- Exercise directions
Below, find the line containing "A Wooded Landscape" and the line containing "全年批发和零售业增加值11."; reproduce exactly those two and every line between them, omitting pictures.

- Saved data entries
====================
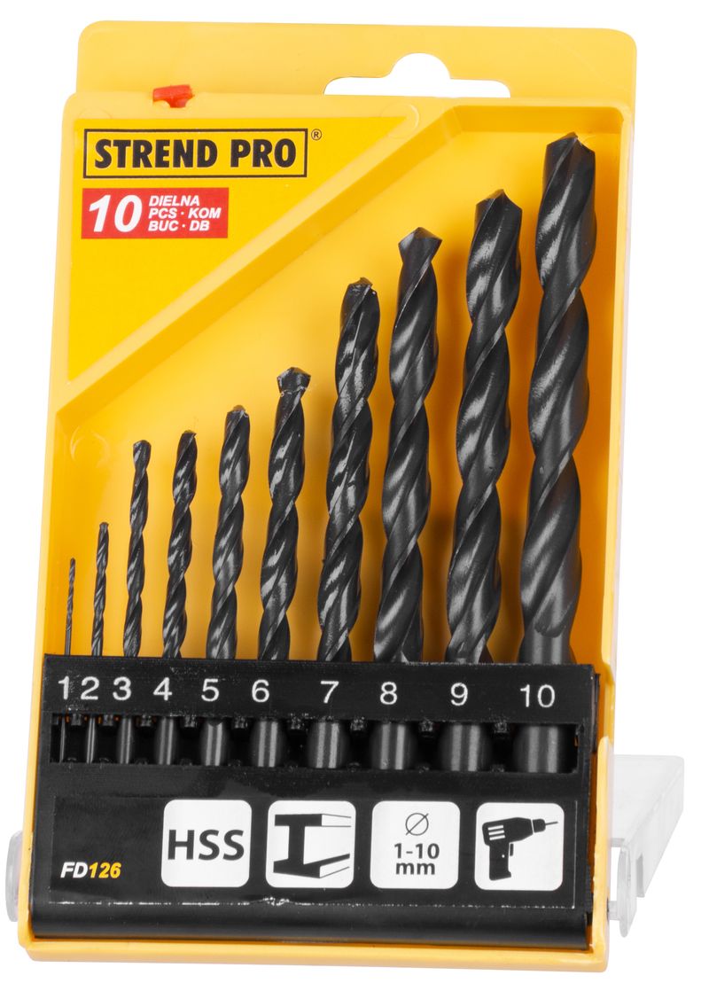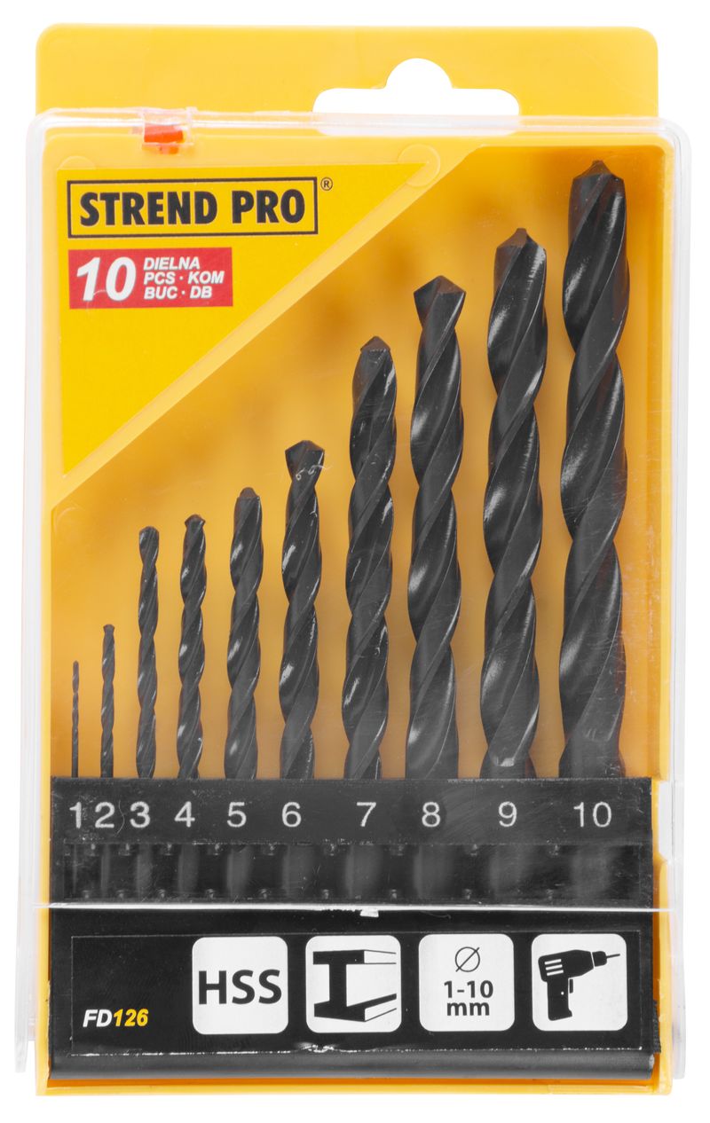 Set burghie HSS pentru metal Strend Pro FD126, 10 piese, 1–10 mm
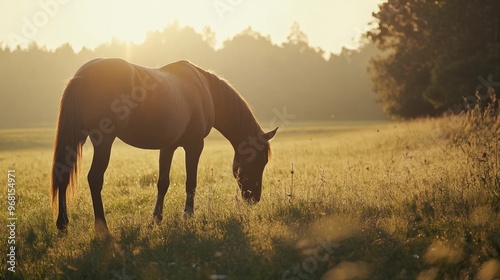 horse, grazing, grass, field, sunset, gold, hours, meadow, nature, rural, farm, countryside, equine, animal, wildlife, silhouette, landscape, pasture, morning, dawn, light, sun, ray, warm, calm, peaceful, serene, tranquil, beautiful, green, yellow, brown, photo, wide, angle, outdoors, farmland, summer, day
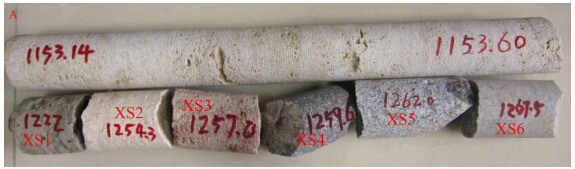 本研究采取了西科1A井1153.14~1267.5 m的所有代表性岩石标本(图 2)并制作薄片(图 3),以观察分 析 岩石矿物结构及矿物组成.由图 2可知,在1254.3~ 1259.6 m 共约5 m的深度内范围,也即基底与沉积盖层交界面附近,岩性变化很大.观察显示,XS1为含生物碎屑灰岩,XS2为含生物碎屑大理岩化灰岩,XS3为大理岩.限于篇幅,仅就基底岩石标本作以下详细分析.
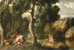 A Wooded Landscape With Amorous Couples Making Music Before A Herm Of Bacchus
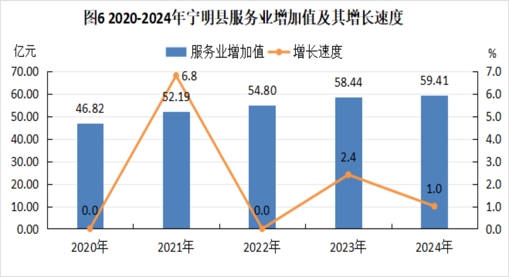 全年批发和零售业增加值11.12亿元,比上年同比下降3.9%;交通运输、仓储和邮政业增加值4.45亿元,同比增长4.7%;住宿和餐饮业增加值1.93亿元,同比增长0.1%;金融业增加值3.91亿元,同比增长2.2%;房地产业增加值7.52亿元,同比下降0.9%;其他服务业增加值28.38亿元,同比增长2.7%。规模以上其他营利性服务业企业营业收入同比增长13.8%。
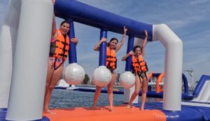 El parque cuenta con una amplia variedad de juegos inflables, entre ellos toboganes, plataformas de salto, muros de escalada, columpios, trampolines y circuitos de equilibrio. En total, dispone de decenas de estructuras pensadas tanto para quienes buscan adrenalina como para quienes prefieren actividades más tranquilas. Uno de sus atractivos principales es el reto físico y lúdico que supone recorrer el circuito completo sin caer al agua.
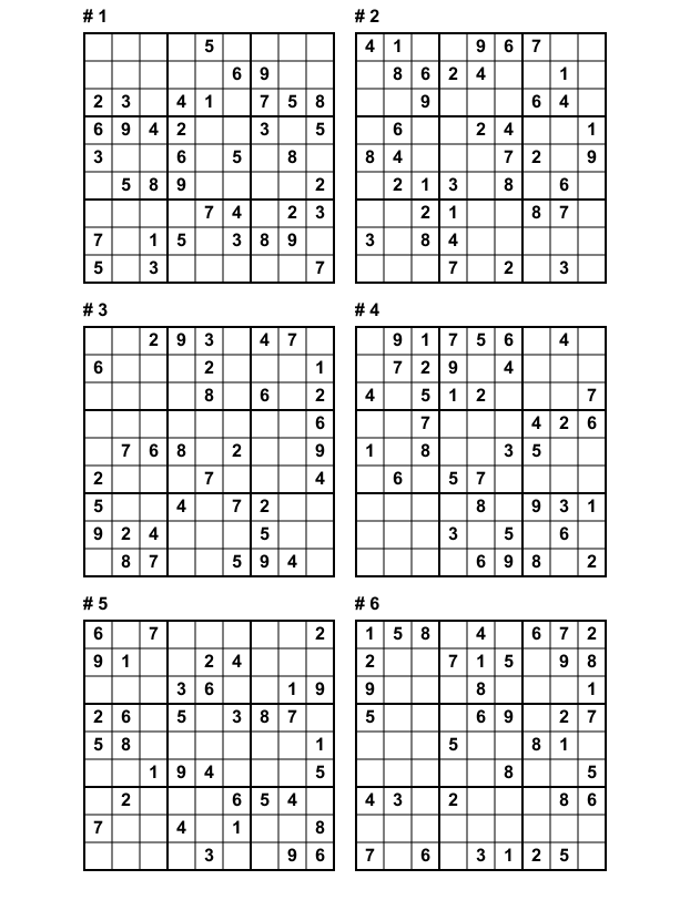 N'attendez plus, commencez à imprimer sudoku facile et découvrez toute la gamme de nos puzzles à imprimer. Nous offrons un large choix de sudoku gratuit imprimable, sudoku à imprimer gratuitement et sudoku à imprimer pdf, afin que l'accès aux sudoku gratuits soit le plus simple possible. Téléchargez et imprimer sudoku à imprimer facile et profitez d'heures de divertissement logique avec nos grilles variées !
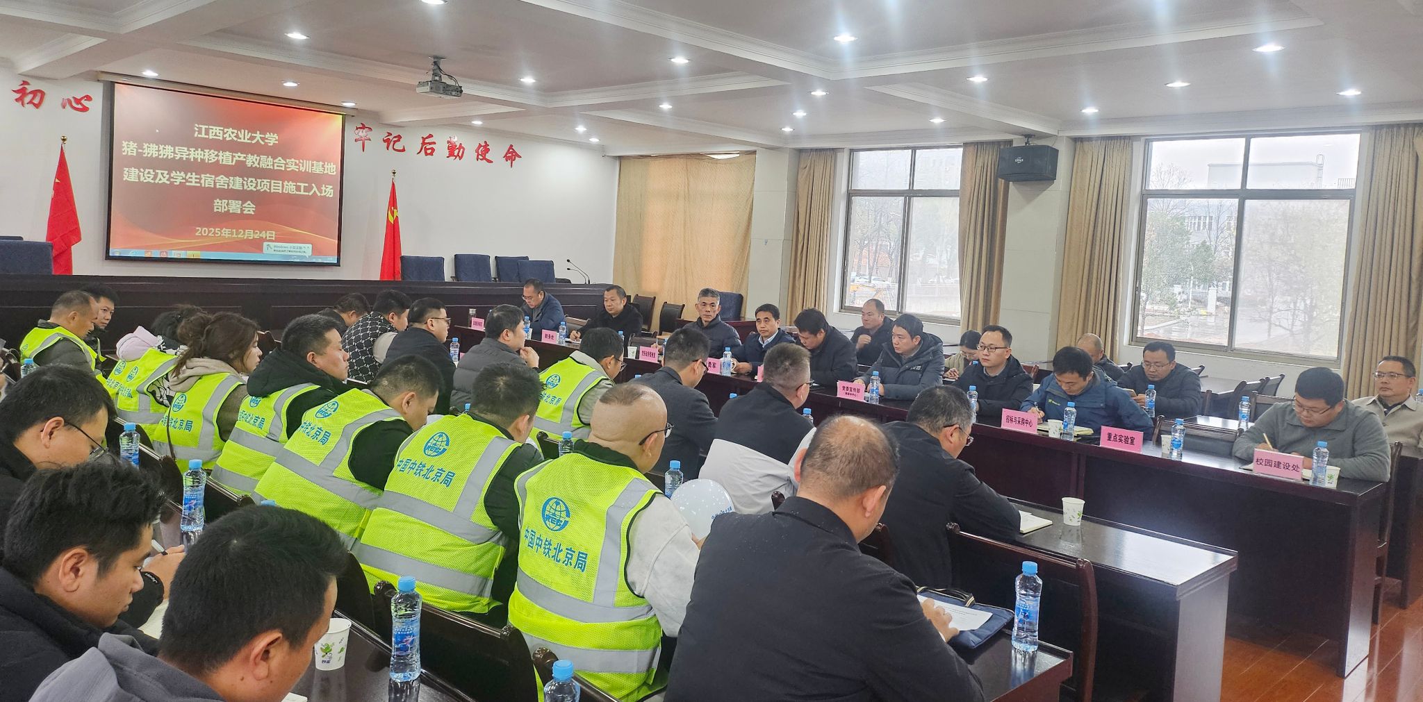 12月24日,学校召开猪-狒狒异种移植产教融合实训基地及学生宿舍建设项目施工入场部署会。副校长曾勇军出席会议并作动员讲话。学校相关职能部门负责人及各参建单位管理人员参加会议。
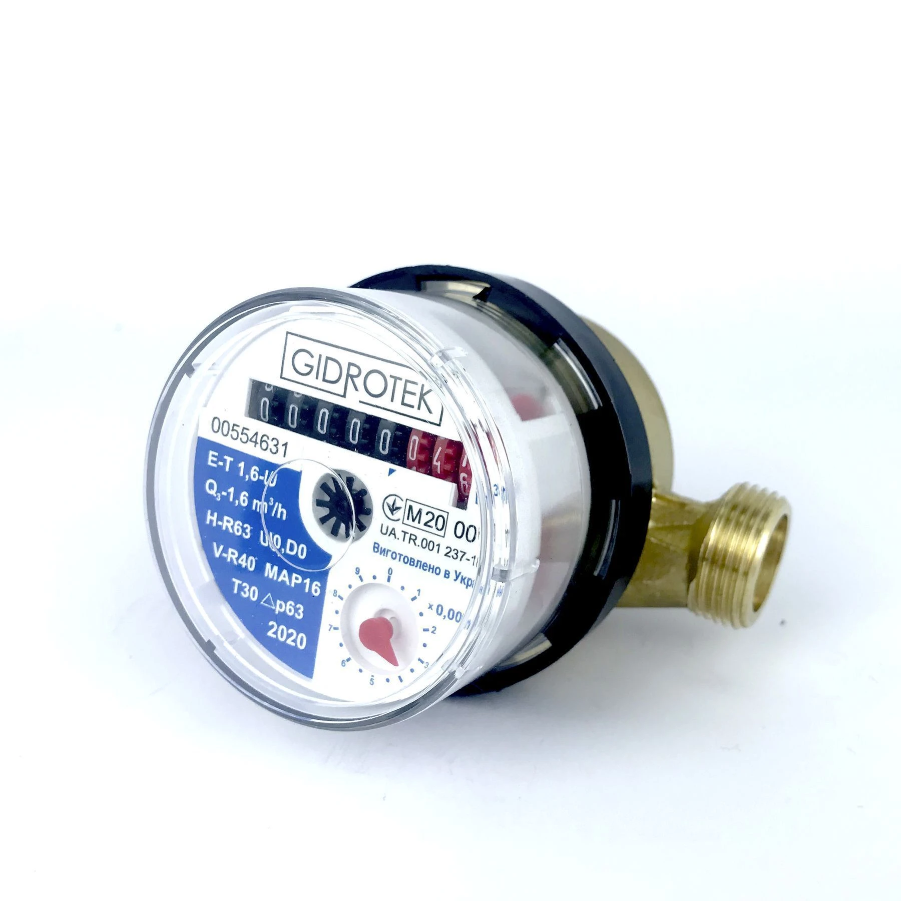Лічильник води Gidrotek Е-Т 1,5U для холодної води зі штуцером - призначений для вимірювання об'єму холодної і гарячої води, що протікає по трубопроводу.
====================
- Your solution
 A Wooded Landscape With Amorous Couples Making Music Before A Herm Of Bacchus
 全年批发和零售业增加值11.12亿元,比上年同比下降3.9%;交通运输、仓储和邮政业增加值4.45亿元,同比增长4.7%;住宿和餐饮业增加值1.93亿元,同比增长0.1%;金融业增加值3.91亿元,同比增长2.2%;房地产业增加值7.52亿元,同比下降0.9%;其他服务业增加值28.38亿元,同比增长2.7%。规模以上其他营利性服务业企业营业收入同比增长13.8%。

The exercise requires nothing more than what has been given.